### What you are asked to do
Look through the listing below for the line with "The lens shown" and the line with "(Д x Ш x В)". Copy both, along with every line between them, exactly and with no pictures.

### Material provided

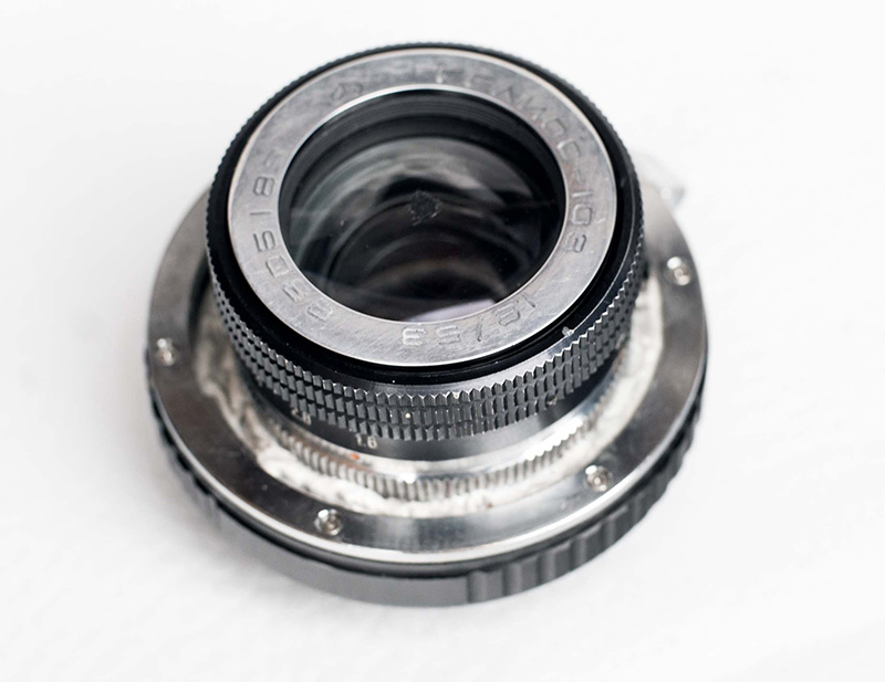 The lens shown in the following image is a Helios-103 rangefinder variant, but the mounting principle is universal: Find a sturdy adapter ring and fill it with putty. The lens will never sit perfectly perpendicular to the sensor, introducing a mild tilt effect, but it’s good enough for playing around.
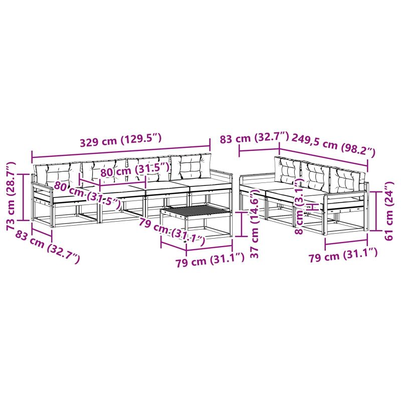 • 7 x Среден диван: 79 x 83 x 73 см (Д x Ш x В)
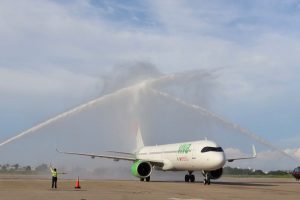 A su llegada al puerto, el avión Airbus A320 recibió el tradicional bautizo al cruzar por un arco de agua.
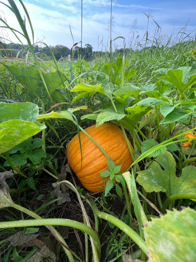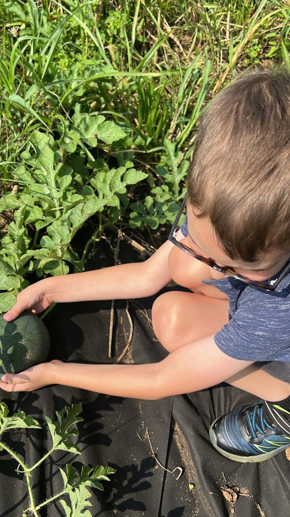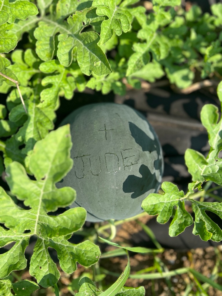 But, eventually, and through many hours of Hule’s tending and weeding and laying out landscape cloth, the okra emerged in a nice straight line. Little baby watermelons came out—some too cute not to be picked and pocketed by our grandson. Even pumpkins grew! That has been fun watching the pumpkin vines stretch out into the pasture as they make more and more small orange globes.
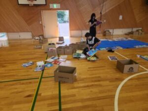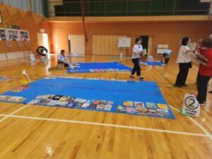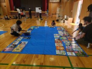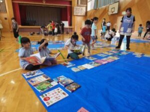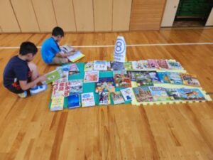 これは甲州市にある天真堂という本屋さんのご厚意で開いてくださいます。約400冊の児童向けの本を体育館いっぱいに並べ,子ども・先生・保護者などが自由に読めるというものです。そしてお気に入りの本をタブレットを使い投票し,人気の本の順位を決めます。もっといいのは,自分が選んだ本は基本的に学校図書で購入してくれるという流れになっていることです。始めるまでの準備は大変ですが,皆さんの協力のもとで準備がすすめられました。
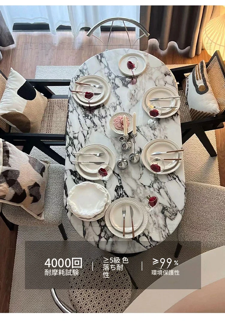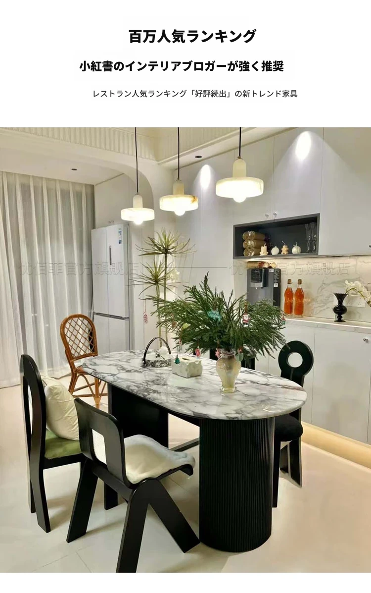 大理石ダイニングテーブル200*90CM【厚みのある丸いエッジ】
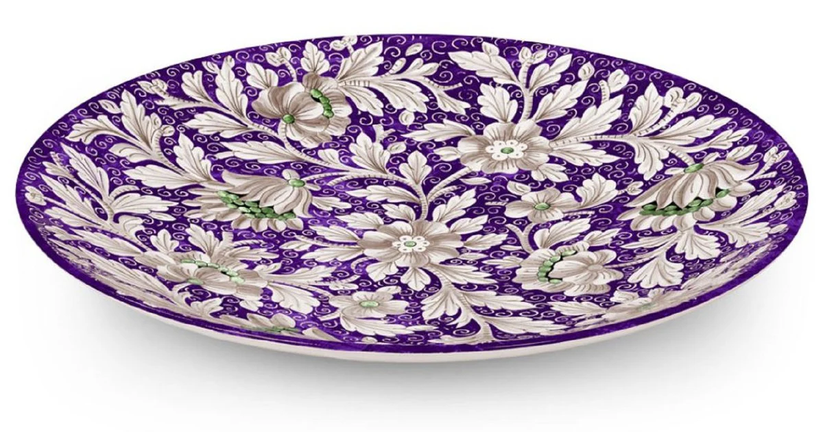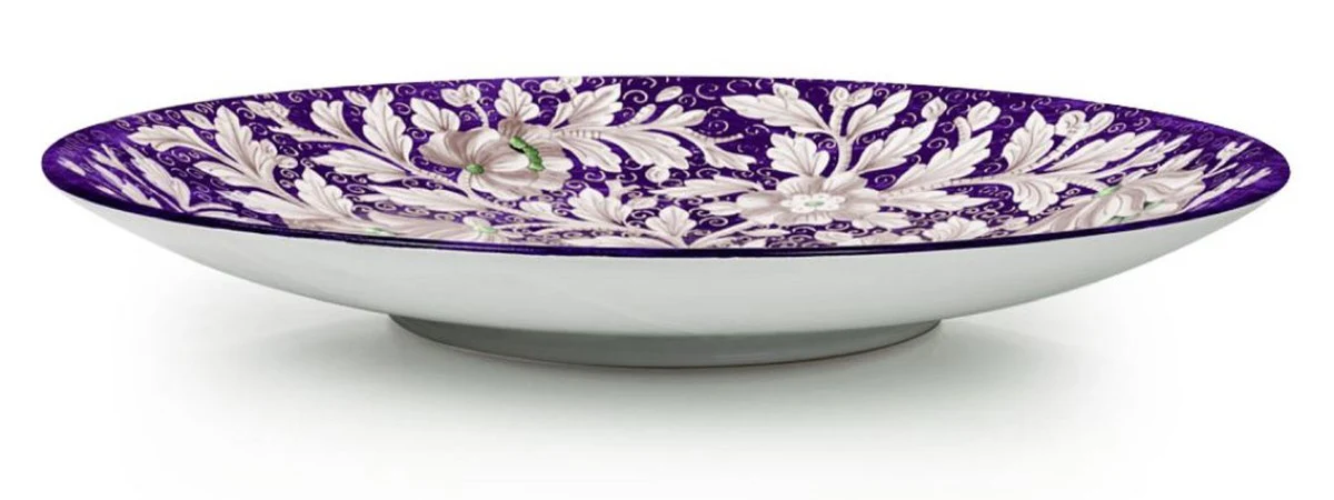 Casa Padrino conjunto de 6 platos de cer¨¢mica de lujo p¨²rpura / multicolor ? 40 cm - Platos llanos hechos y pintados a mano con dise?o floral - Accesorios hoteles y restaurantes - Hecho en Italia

--

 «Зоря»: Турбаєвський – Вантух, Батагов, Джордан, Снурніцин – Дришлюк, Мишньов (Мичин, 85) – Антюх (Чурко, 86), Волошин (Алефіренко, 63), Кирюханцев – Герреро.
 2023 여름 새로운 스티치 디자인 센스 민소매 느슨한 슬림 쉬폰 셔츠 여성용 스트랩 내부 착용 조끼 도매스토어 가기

### Solution for this problem
 The lens shown in the following image is a Helios-103 rangefinder variant, but the mounting principle is universal: Find a sturdy adapter ring and fill it with putty. The lens will never sit perfectly perpendicular to the sensor, introducing a mild tilt effect, but it’s good enough for playing around.
 • 7 x Среден диван: 79 x 83 x 73 см (Д x Ш x В)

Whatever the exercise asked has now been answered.